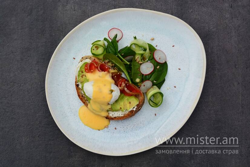 Яйце пашот, мікс насіння, авокадо, мікс салату з томатами та огірком, лосось с/с, голландез.
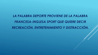 El documento define el deporte como conjuntos de ejercicios físicos practicados bajo reglas, ya sea de forma individual o colectiva, donde prevalece la competencia y el respeto mutuo. Explica que los deportes se desarrollaron en civilizaciones antiguas como China, Egipto, Grecia y Roma, y que pueden clasificarse en deportes individuales, de conjunto y profesionales vs. aficionados. Resalta los beneficios del deporte para la salud física y mental de las personas, y su importancia para la sociedad al contribuir a
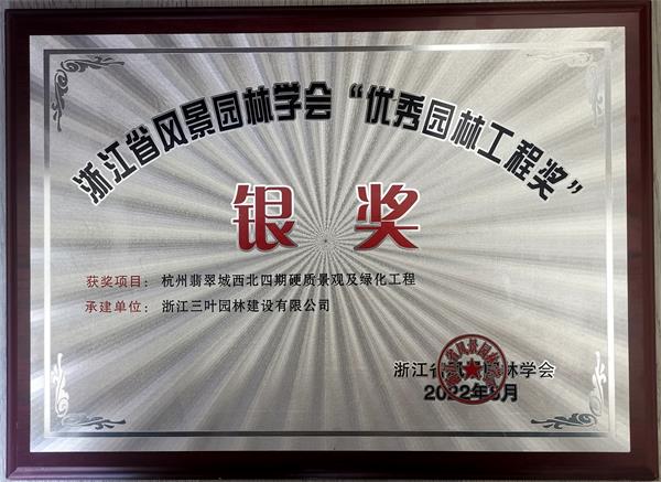 2023年12月14日,第十二屆“園林人居”論壇暨2023年度浙江省風(fēng)景園林學(xué)會優(yōu)秀園林工程獎頒獎大會在杭州圓滿召開。會上宣讀表彰了“2023年浙江省優(yōu)秀園林工程獎獲獎項目的通知”,全省共有306個項目分別獲規(guī)劃設(shè)計獎、施工類(金、銀、銅)、養(yǎng)護類獎項,其中三葉園林承建的杭州翡翠城西北四期硬質(zhì)景觀及綠化工程獲得省“優(yōu)秀園林工程”銀獎。
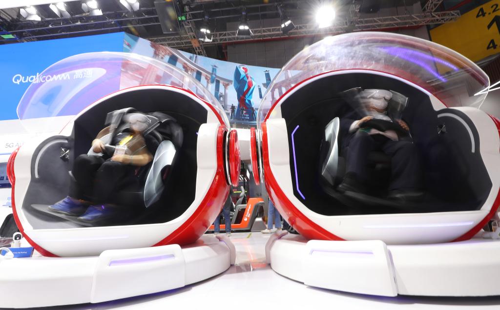 2022年11月5日,參觀者在第五屆進(jìn)博會(huì)技術(shù)裝備展區(qū)體驗(yàn)一款VR游戲座椅。新華社記者 方喆 攝
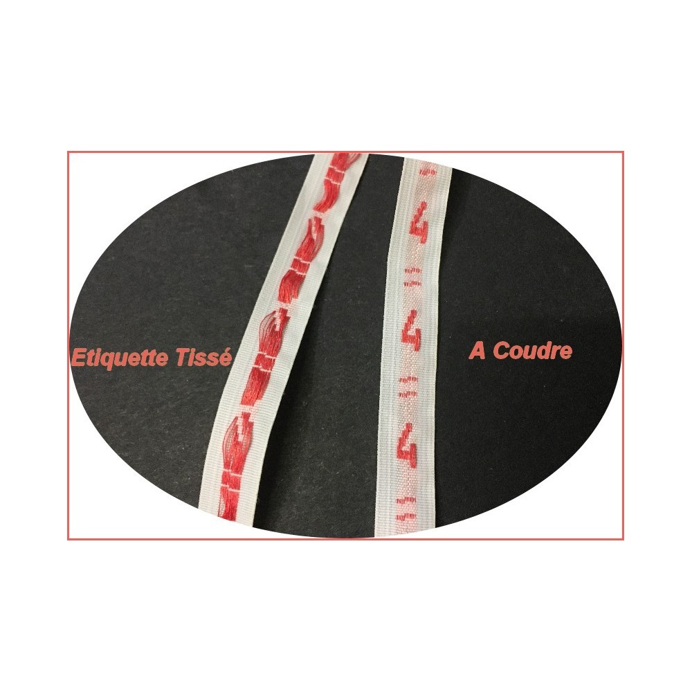 Etiquette de composition pour la fabrication de vetements, à coudre,
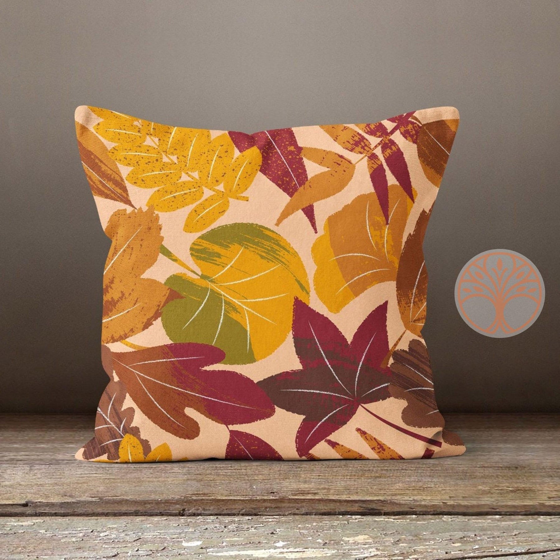 These autumn elegant square decorative rustic farmhouse style throw cushion covers with dry leaves;
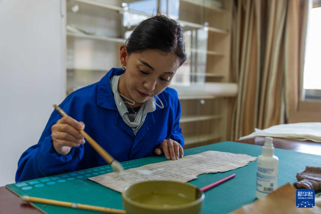 8月13日,西藏自治區古籍保護中心古籍修復員次仁央宗在對古籍進行除霉。
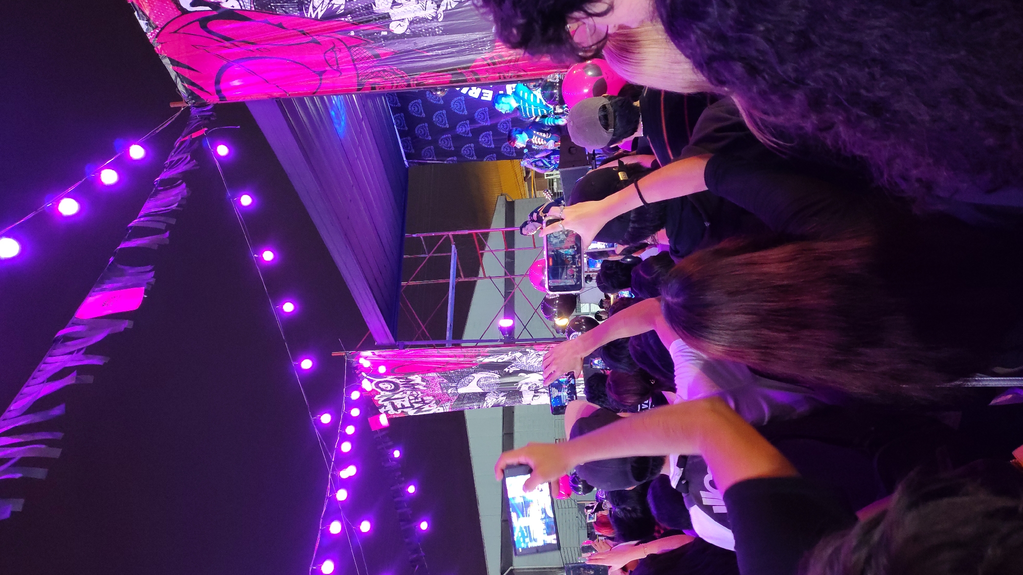 crowd of people in San Borja, Peru, at a nighttime event, possibly a concert or performance. Many people are holding up their smartphones to record or photograph the stage. The stage itself is decorated with banners and lights, primarily in shades of pink and purple. The crowd appears dense, with people closely packed together. The environment is dark, with the main illumination coming from the stage lighting and strings of purple lights hanging above the audience.
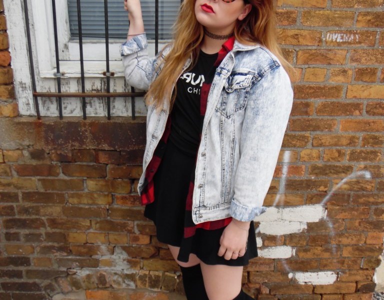This look has the ability to be preppy or grunge. Our Fashionista has clearly taken the route of grunge. All black ensemble with the needed pop of plaid, she is obviously ready to take on the day. The acid wash denim jacket gives way to her grunge look with those knee-highs and booties.
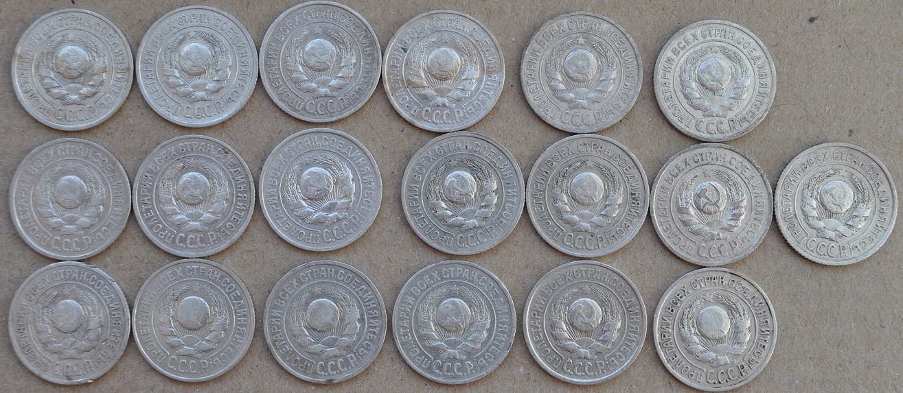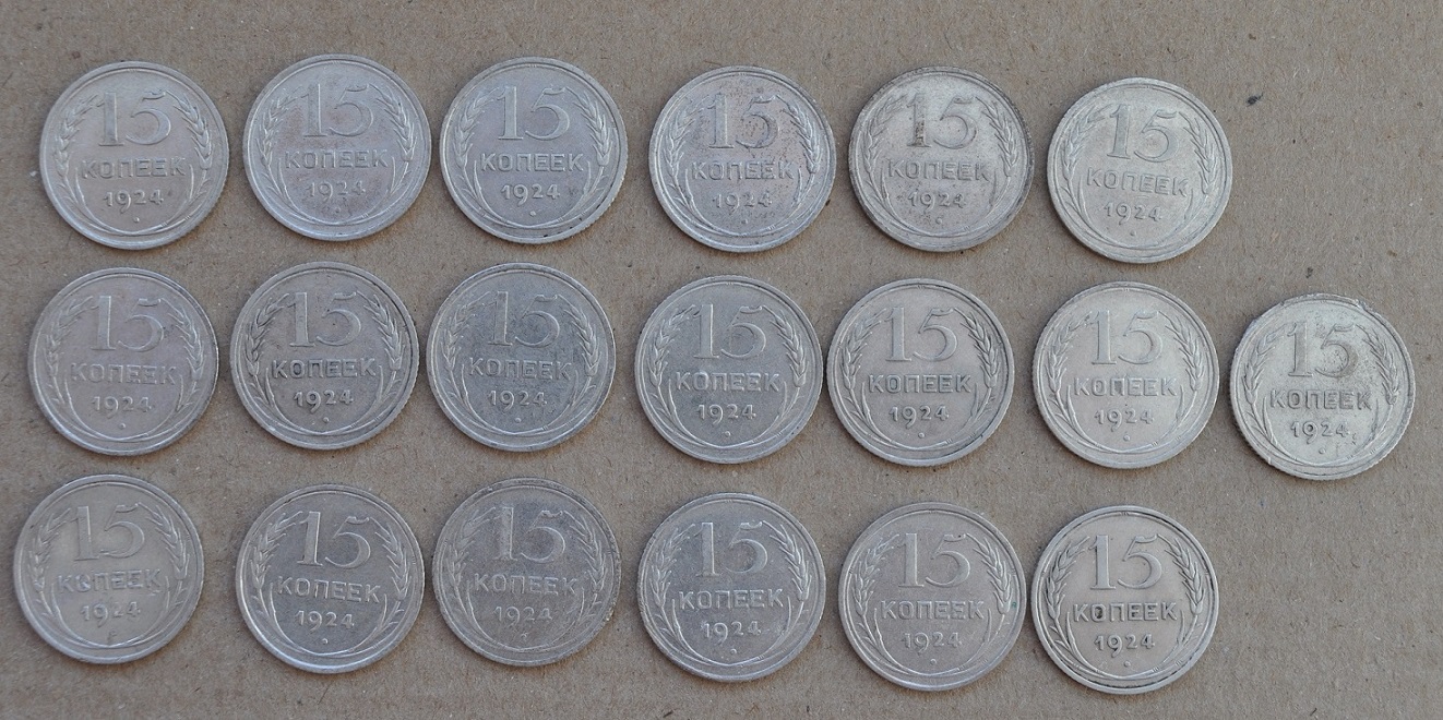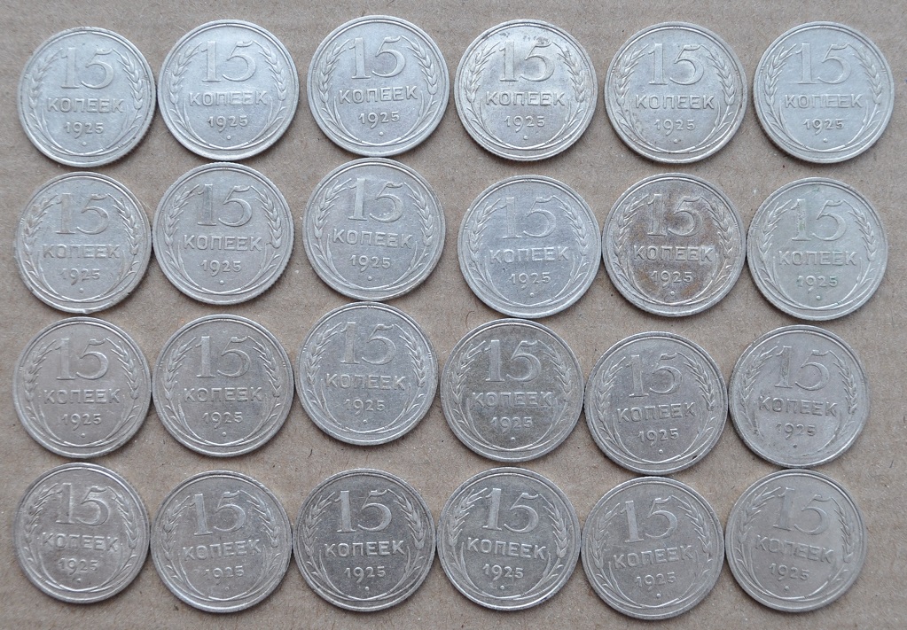 В своем предыдущем посте, я просил определить интересные разновидности по 24 году. Ошибся. Разновидности, по которым я запутался - это 25 год. Помогите, пожалуйста, определить, есть ли на фото интересные. Заранее спасибо. На самом деле 15-шек 25 года у меня, наверно, больше сотни. И еще вопрос, насколько есть спрос на разновиды? Сейчас вот лежит около 1000 штук разного билона и не пойму, есть ли смысл заморачиваться по разновидам или продать так?

# # #

- _How to complete this task_: Take the material above and output only the lines from the one that contains "Etiquette de composition" through the one that contains "8月13日,西藏自治區古籍保護中心古籍修復員次仁央宗在對古籍進行除霉。", ends included and images left out.

- _Result below_:
 Etiquette de composition pour la fabrication de vetements, à coudre,
 These autumn elegant square decorative rustic farmhouse style throw cushion covers with dry leaves;
 8月13日,西藏自治區古籍保護中心古籍修復員次仁央宗在對古籍進行除霉。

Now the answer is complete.